When using noxious heat as a stimulus, some unpredictable things happen.
Hess et al have reported in the Eur J Pain that events associated with central pain are more related to OUTPUT signal tnan INPUT signal. This is very surprising and shows clearly that central pain is coming from central brain structures. It is emanating.
The scientists used BOLD imaging, which stands for blood oxygen dependent levels used for imaging. This can refer to techniques related to PET scans or more commonly with functional MRI (fMRI). fMRI is not widely available. Probably none of you have had it. It remains experimental.
The rats were studied under isoflurane anesthesia. This pretty much rules out the placebo factor, malingering, psychological phenomena and the like. What it rules in is pain, the type we tell our doctors we have, but they have a hard time accepting.

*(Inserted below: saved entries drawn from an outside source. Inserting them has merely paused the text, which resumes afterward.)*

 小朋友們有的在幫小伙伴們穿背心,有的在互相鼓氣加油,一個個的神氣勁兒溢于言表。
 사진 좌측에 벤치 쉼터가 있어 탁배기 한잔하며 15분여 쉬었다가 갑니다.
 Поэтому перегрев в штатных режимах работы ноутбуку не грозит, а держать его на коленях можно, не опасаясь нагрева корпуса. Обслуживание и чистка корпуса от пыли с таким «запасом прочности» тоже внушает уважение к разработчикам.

The pain was of a peripheral nerve injury model (zymosan injection into the hindpaw), and nerve hypersensitization, but the signal studied was all brain.
The authors reported that “Cingulate, retrosplenial, sensory-motor and insular cortex, medial and lateral posterior thalamic nuclei, pretectal area, hypothalamus and periaqueductal gray were the most consistently, often bilaterally activated regions.” All these areas have been traditionally associated with pain and are not surprising. That this response took place in anesthesthitized rats is, however, a bit unexpected. The pain is operating when the rat is not even conscious. This is a powerful undercutting of the psychological crowd who love to talk of placebo, so much so that they never get around to studying pain chemistry.

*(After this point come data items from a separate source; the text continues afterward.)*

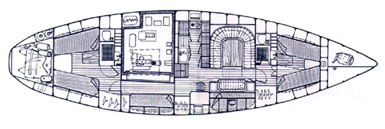 Tissu velours couleur miel dans tout le bateau, boiseries en Okoumé verni satiné, le tout en très bon état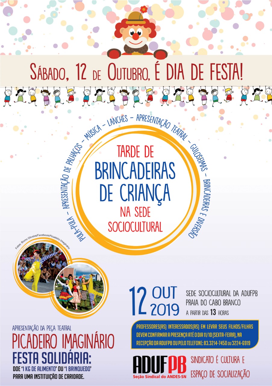 Para comemorar o Dia das Crianças, a ADUFPB realiza no próximo sábado (12/10), a partir das 13h, uma festa com muitas brincadeiras, música e diversão. A atividade ocorrerá na sede sociocultural, localizada na rua Gilvan Muribeca, n. 88, no Cabo Branco, e contará com pula-pula e distribuição de lanches. A principal atração do dia será o espetáculo circense e musical “Picadeiro Imaginário”, do Grupo de Teatro Engenho Imaginário.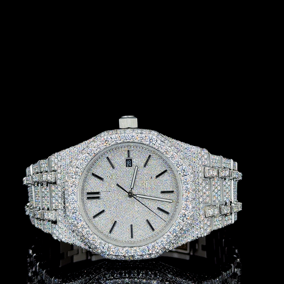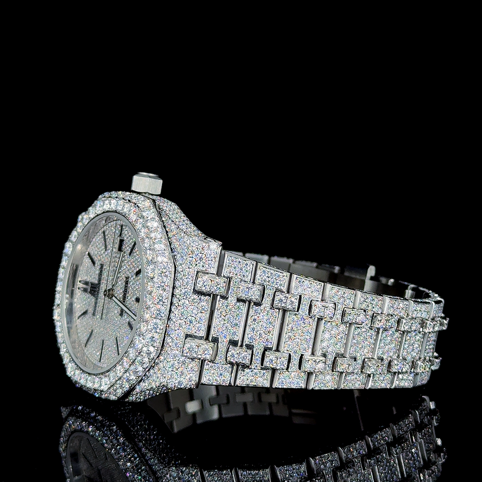 Mens hip hop watch fully iced moissanite diamond luxury bracelet watch silver tone bold party wear premium daily use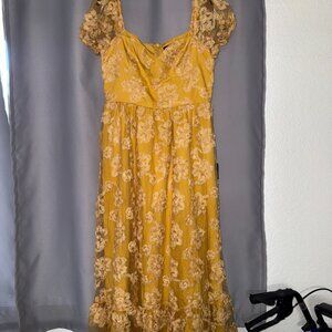 Notable Elegance, Lulus dress, yellow dress, midi dress, bustier dress, floral applique dress, mesh dress, NWT dress, new with tags, women’s size large, size L, spring dress, summer dress, party dress, wedding guest dress, cocktail dress, special occasion dress, elegant dress, feminine dress, structured dress
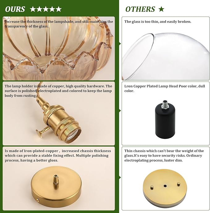 • 【High Quality Materials】The glass is carefully selected and treated to ensure that it is brightly coloured and uniform, without blemishes. The glass has a clear texture and can penetrate light very well. The metal parts are made of corrosion-resistant and oxidation-resistant materials, presenting an elegant sheen and texture.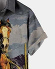 A contemporary men's short-sleeve button-down shirt featuring a sharp black and white graphic print. The full-coverage pattern is composed of repeating abstract, geometric figures and stylized faces created using thin, precise lines. The design has a minimalist, almost Cubist or continuous line art aesthetic. This shirt has a Camp Collar (or Cuban collar) and a relaxed fit, making it a sophisticated, artistic statement piece for casual urban wear or creative events."

Imaging of hyperalgesia in rats by functional MRI.
Hess A, Sergejeva M, Budinsky L, Zeilhofer HU, Brune K.
Department of Experimental and Clinical Pharmacology and Toxicology, Institute for Pharmacology and Toxicology, Fahrstrasse 17, D-91054 Erlangen, Germany.
Cerebral activation in response to sequences of temperature boosts at the hindpaw was observed in functional magnetic resonance imaging (fMRI) experiments in isoflurane anesthetized rats. Cingulate, retrosplenial, sensory-motor and insular cortex, medial and lateral posterior thalamic nuclei, pretectal area, hypothalamus and periaqueductal gray were the most consistently, often bilaterally activated regions. With the same experimental paradigm, activity changes in the brain following subcutaneous zymosan injection into one hindpaw were detected. These changes developed over time (up to 4h) in parallel with the temporal development of hyperalgesia shown by a modified Hargreaves test, thus reflecting processes of peripheral and central sensitization. When the heat stimuli were applied to the inflamed paw, the hyperalgesia manifested itself as a volume increase of the activated areas and/or an enhanced functional blood oxygenation level dependent (BOLD) signal in all the above-mentioned brain regions. Enhanced BOLD signals were also observed in response to stimulation of the contralateral non-injected paw. They were significant in higher associative regions and . This indicates additional sensitization processes in the brain, which we named cerebral sensitization. Long lasting zymosan-induced hyperalgesia could be monitored with high resolution fMRI in rats under isoflurane anaesthesia. This technique may provide an effective method for testing new analgesics and studying structure specific pain processing.
What really shocked us was the finding that the volume increase and stronger BOLD signal were “more pronounced in output-related than in input-related brain structures. This is really central pain, with areas sensitized in the brain, as above mentioned, generating signal which undoubtedly modulates incoming messages from the peripherae. Central pain is an active dynamic process, not merely the failure of some parts of the brain to get involved.